# WHAT THE TASK REQUIRES
Please set down, unchanged, each line from the one with "Разогрейте в кастрюле" to the final line of the data below, both included. Drop the pictures.

(Extracted data entries)
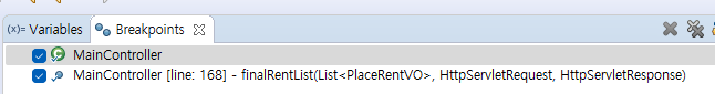 Breakpoints를 살펴보니 mainController 전체가 breakpoints로 잡혀있는게 문제였다. 언제 저렇게 해놨는지 기억은 안나지만... MainContoller를 삭제하고 내가 찍은 부분만 남겨두니 정상적으로 작동이 된다.
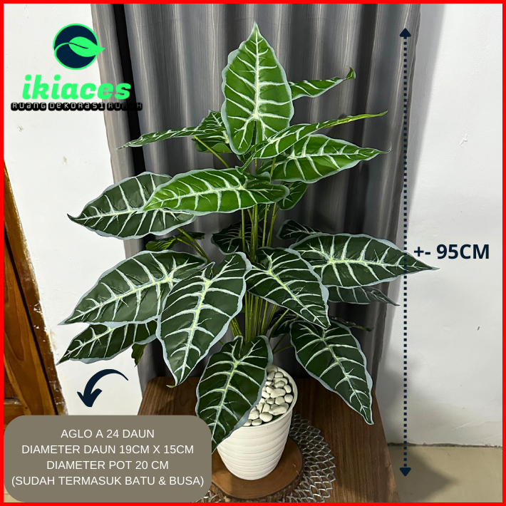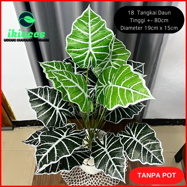 Daun Aglonema Artificial Daun Keladi Plastik Pot Bunga Hias Artifisial Daun Keladi Hias Dekorasi Pohon Plastik
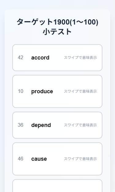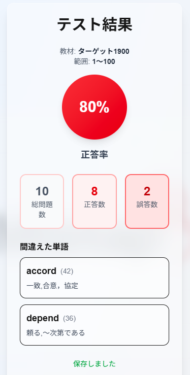 今すぐデモを試してみる※「間違えた単語」の保存にはアカウント登録(無料)が必要です。
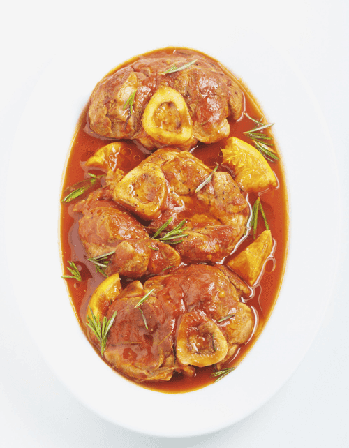 Разогрейте в кастрюле масло, подрумяньте оссобуко с обеих сторон, добавьте апельсиновый сок, цедру, розмарин и томаты конкассе.
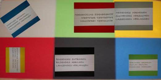Diese Wortpaare waren Bestandteil der Installation "Fragiles Gleichgewicht" und steckten in verschiedenen "Fächern" der Stele.
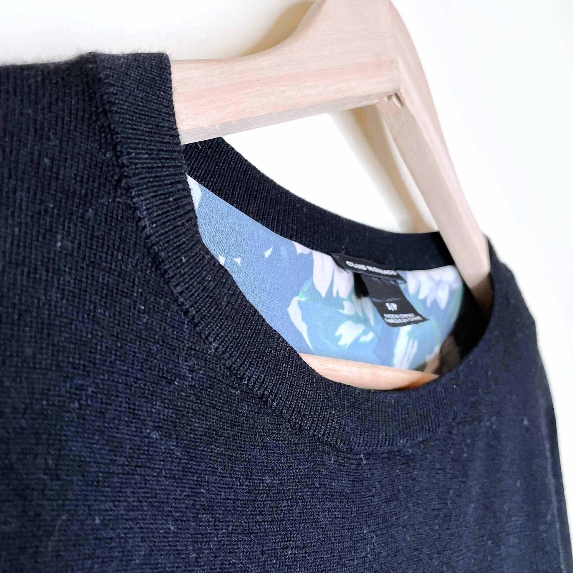 Item Description: Artfully layered with adorable covered buttons details. A burst of floral peeks out from a classic merino sweater. Merino wool sweater with floral poly lining.

# RESULT FOR THIS TASK
 Разогрейте в кастрюле масло, подрумяньте оссобуко с обеих сторон, добавьте апельсиновый сок, цедру, розмарин и томаты конкассе.
Diese Wortpaare waren Bestandteil der Installation "Fragiles Gleichgewicht" und steckten in verschiedenen "Fächern" der Stele.
 Item Description: Artfully layered with adorable covered buttons details. A burst of floral peeks out from a classic merino sweater. Merino wool sweater with floral poly lining.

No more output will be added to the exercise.